## [TASK GOAL]
Every record should be copied exactly, and the images omitted.

Records excerpted from a collection
• • • • •
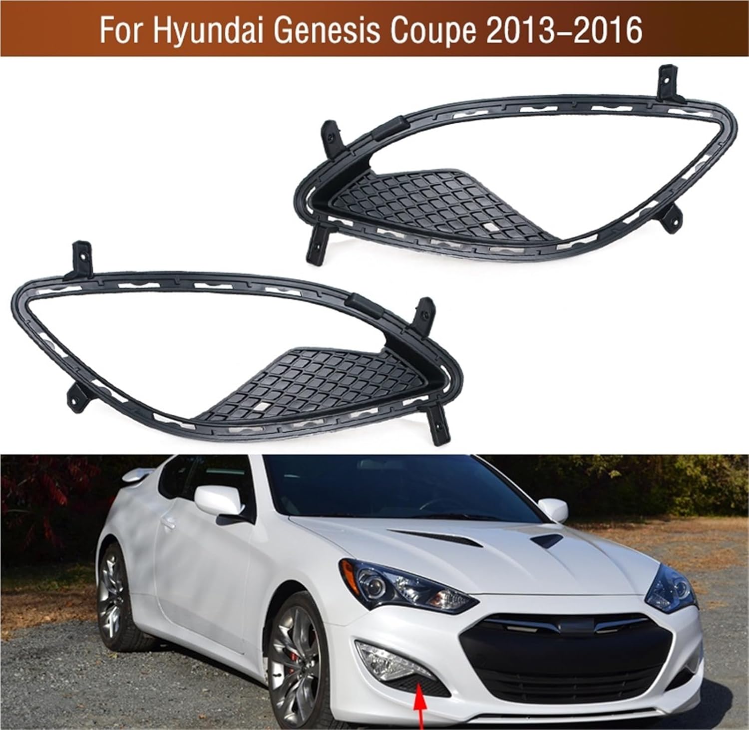 For Hyundai Genesis Coupe 2013 2014 2015 2016 Front Bumper Fog Light Lamp Grille Cover Frame Foglamp Trim Lid Bezel HoodFit For Hyundai Genesis Coupe 2013-2016Product Description:Features:Direct replacement to your unit.Easy installation.Specifications:Material: PlasticPackage include:1pc or 1pairNote:Please make sure it is suitable for your car before you purchase.Special Features : front bumper fog light lamp grille Bezel Shell HoodOther Part Number : front bumper fog light cover frameManufacturer Part Number : For Hyundai Genesis Coupe front foglight foglamp cover frame grilleSuitable For Lamp : fog lightsOEM NO. : For Hyundai Genesis Coupe front foglamp lid cap coverMaterial : ABS
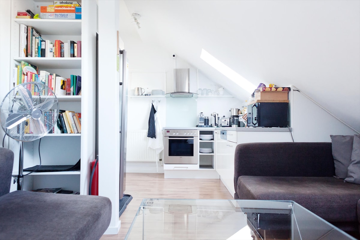 - Ettromsleilighet på 27 kvm/291 kvm. - Ideell for opptil to personer. - dobbeltseng (140 x 200 cm/55 x 79 tommer) - moderne bad med dusj - fullt utstyrt tekjøkken med basisartikler til te og kaffe - tilgang til heis Vær oppmerksom på at det faktiske rommet kan avvike fra bilder.
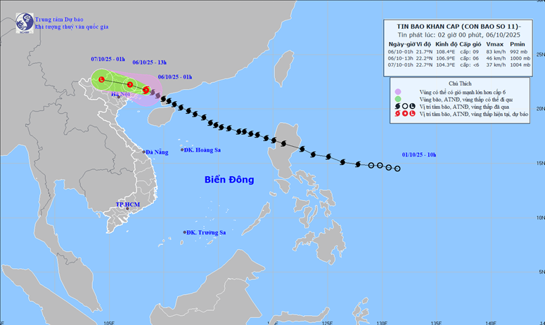 Tin bão khẩn cấp - Cơn bão số 11 (Tin phát lúc 02h00 ngày 06/10/2025)
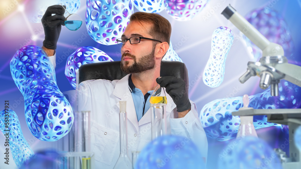 Biologist man. Laboratory assistant studies probiotic organisms. Male scientist examines liquid in test tubes. Microbiologist sits near flasks and microscope. Bacteria cells around biologist
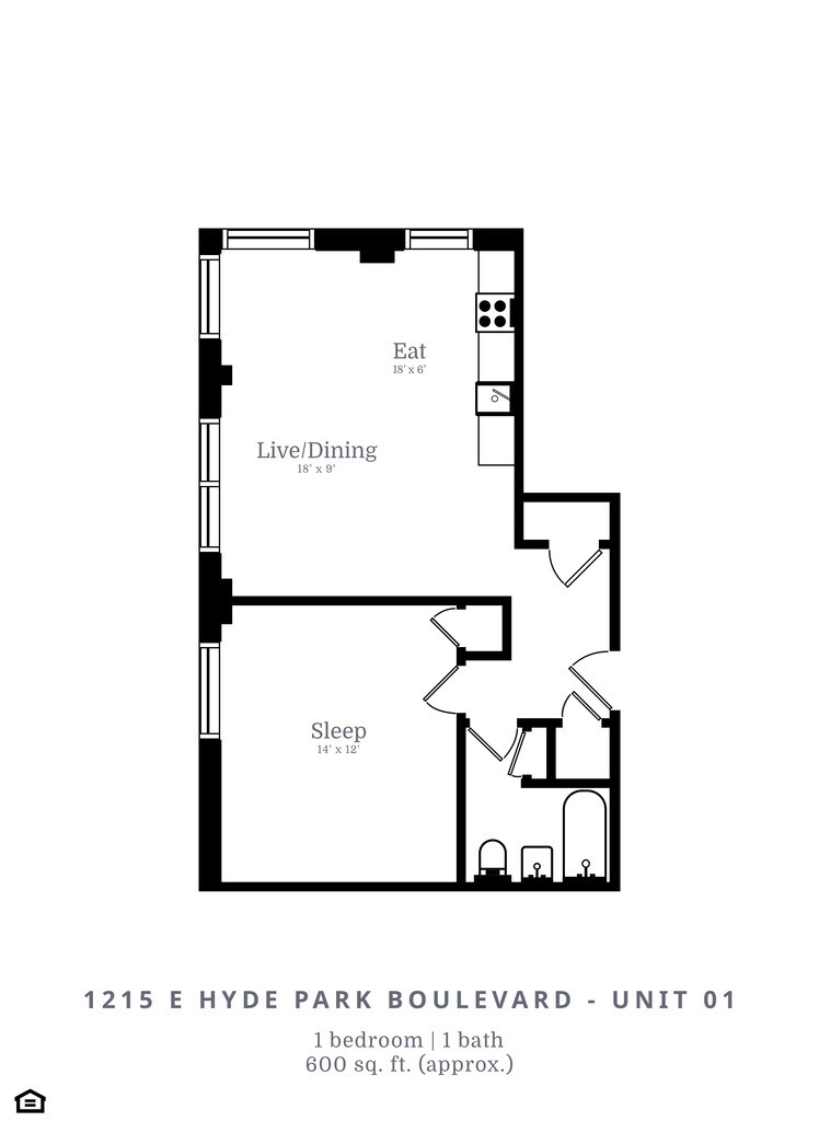 1 Bed | 1 Bath (B1) - Plano 1 1 Bed, 1 bath
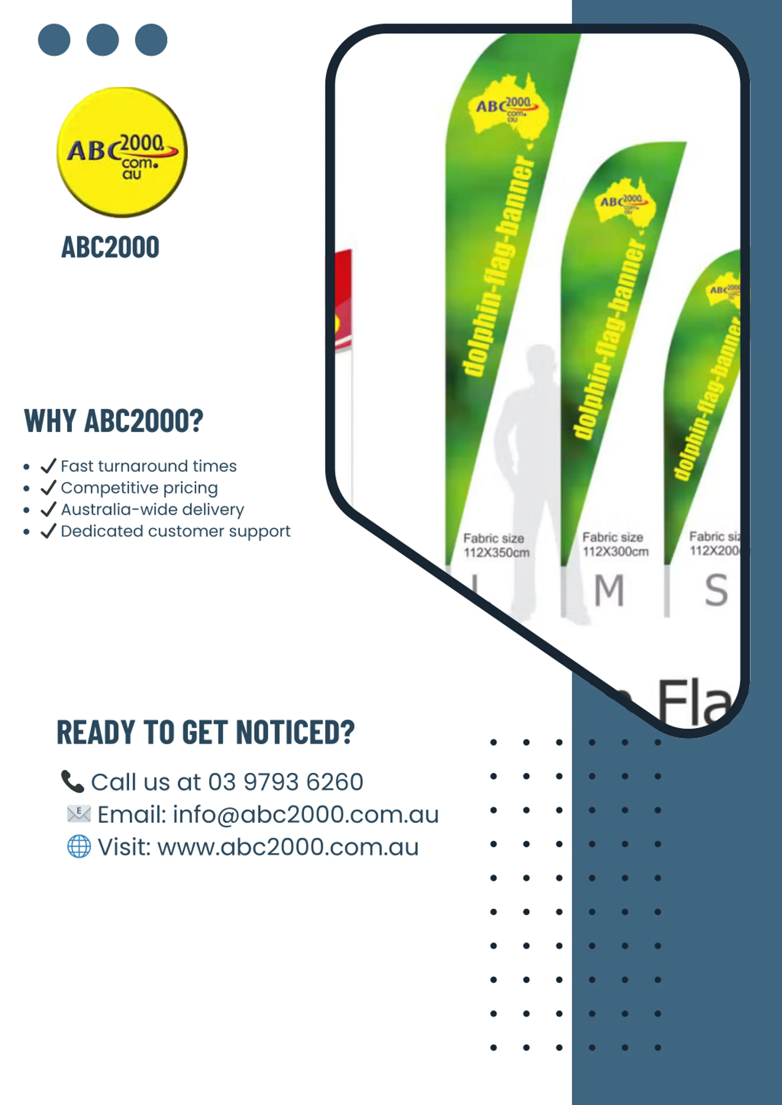 ABC2000 WHY ABC2000? Fast turnaround times Competitive pricing Australia-wide delivery Dedicated customer support READY TO GET NOTICED? ? Call us at 03 9793 6260 ? Email: info@abc2000.com.au ? Visit: www.abc2000.com.au
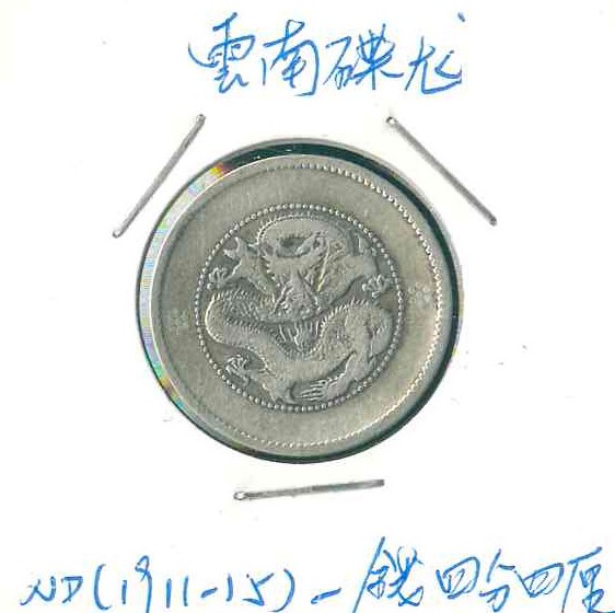 1911-15ND 雲南省造碟龍一錢四分四厘 VG 編號:NIL
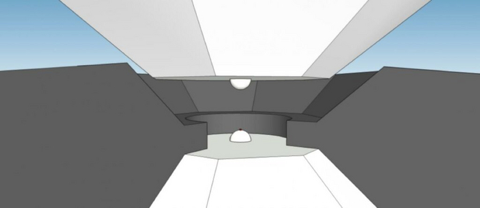 Двухступенчатая ячейка с алмазными наковальнями, использовавшаяся для демонстрации устойчивости кристаллической структуры осмия при 7,7 миллионах атмосфер. Серым цветом показан рениевый уплотнитель. Образец – маленькая красная точка на вершине полусферы из нанокристаллического алмаза. / © Elena Bykova/University of Bayreuth
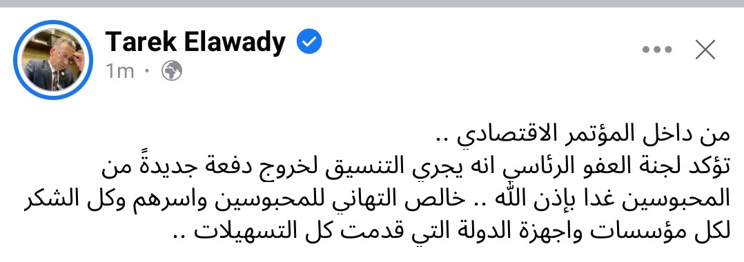 قال طارق العوضي، المحامي بالنقض وعضو لجنة العفو الرئاسي، إن لجنة العفو الرئاسي تؤكد انه يجري التنسيق لخروج دفعة جديدةً من المحبوسين غدا الاثنين، موجها التهاني للمحبوسين وأسرهم وكل الشكر لكل مؤسسات وأجهزة الدولة التي كل التسهيلات.
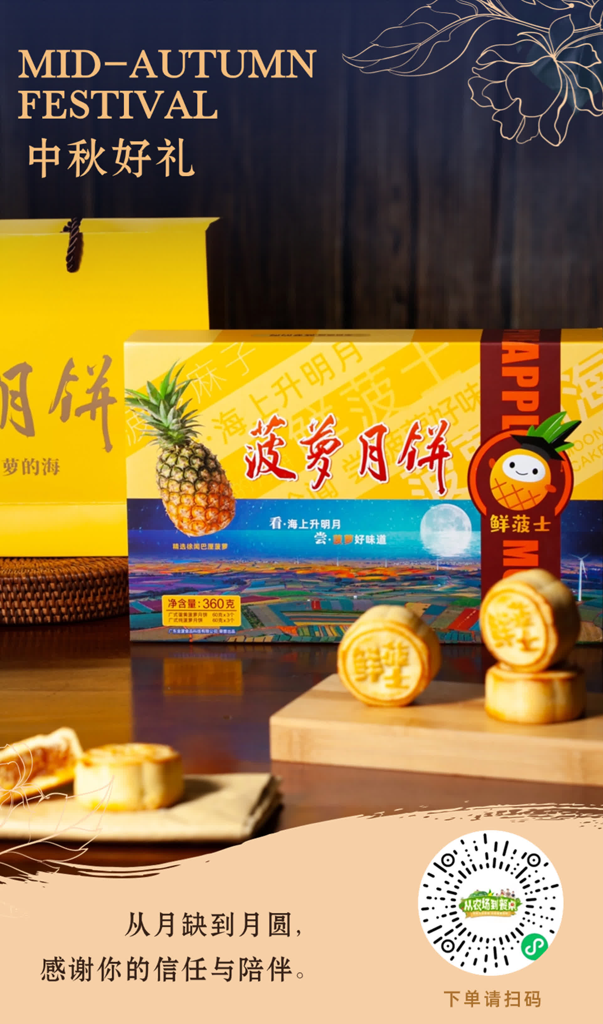 菠蘿月餅,形似圓月,佔盡「圓滿」的好意頭,也代表堅定向着希望而行的追求。2018年,徐聞菠蘿滯銷;2019年春天,面對15萬菠蘿果農的期盼,時任廣東省農業展覽館副館長黎小軍帶領工作組,深蹲徐聞、深耕菠蘿產業,「12221」在徐聞大地孕育而生。
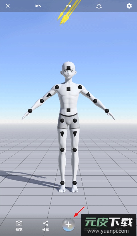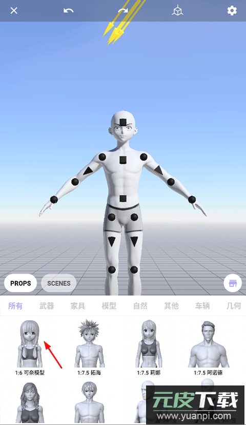 2、云端造型库:除了内置造型,还可以上传或下载其他用户创作的场景资源,例如飞机、汽车或舞台布景,节省自行搭建的时间;
• • • • •
## [ANSWER TO THE PROBLEM]
 For Hyundai Genesis Coupe 2013 2014 2015 2016 Front Bumper Fog Light Lamp Grille Cover Frame Foglamp Trim Lid Bezel HoodFit For Hyundai Genesis Coupe 2013-2016Product Description:Features:Direct replacement to your unit.Easy installation.Specifications:Material: PlasticPackage include:1pc or 1pairNote:Please make sure it is suitable for your car before you purchase.Special Features : front bumper fog light lamp grille Bezel Shell HoodOther Part Number : front bumper fog light cover frameManufacturer Part Number : For Hyundai Genesis Coupe front foglight foglamp cover frame grilleSuitable For Lamp : fog lightsOEM NO. : For Hyundai Genesis Coupe front foglamp lid cap coverMaterial : ABS
 - Ettromsleilighet på 27 kvm/291 kvm. - Ideell for opptil to personer. - dobbeltseng (140 x 200 cm/55 x 79 tommer) - moderne bad med dusj - fullt utstyrt tekjøkken med basisartikler til te og kaffe - tilgang til heis Vær oppmerksom på at det faktiske rommet kan avvike fra bilder.
 Tin bão khẩn cấp - Cơn bão số 11 (Tin phát lúc 02h00 ngày 06/10/2025)
 Biologist man. Laboratory assistant studies probiotic organisms. Male scientist examines liquid in test tubes. Microbiologist sits near flasks and microscope. Bacteria cells around biologist
 1 Bed | 1 Bath (B1) - Plano 1 1 Bed, 1 bath
 ABC2000 WHY ABC2000? Fast turnaround times Competitive pricing Australia-wide delivery Dedicated customer support READY TO GET NOTICED? ? Call us at 03 9793 6260 ? Email: info@abc2000.com.au ? Visit: www.abc2000.com.au
 1911-15ND 雲南省造碟龍一錢四分四厘 VG 編號:NIL
 Двухступенчатая ячейка с алмазными наковальнями, использовавшаяся для демонстрации устойчивости кристаллической структуры осмия при 7,7 миллионах атмосфер. Серым цветом показан рениевый уплотнитель. Образец – маленькая красная точка на вершине полусферы из нанокристаллического алмаза. / © Elena Bykova/University of Bayreuth
 قال طارق العوضي، المحامي بالنقض وعضو لجنة العفو الرئاسي، إن لجنة العفو الرئاسي تؤكد انه يجري التنسيق لخروج دفعة جديدةً من المحبوسين غدا الاثنين، موجها التهاني للمحبوسين وأسرهم وكل الشكر لكل مؤسسات وأجهزة الدولة التي كل التسهيلات.
 菠蘿月餅,形似圓月,佔盡「圓滿」的好意頭,也代表堅定向着希望而行的追求。2018年,徐聞菠蘿滯銷;2019年春天,面對15萬菠蘿果農的期盼,時任廣東省農業展覽館副館長黎小軍帶領工作組,深蹲徐聞、深耕菠蘿產業,「12221」在徐聞大地孕育而生。
 2、云端造型库:除了内置造型,还可以上传或下载其他用户创作的场景资源,例如飞机、汽车或舞台布景,节省自行搭建的时间;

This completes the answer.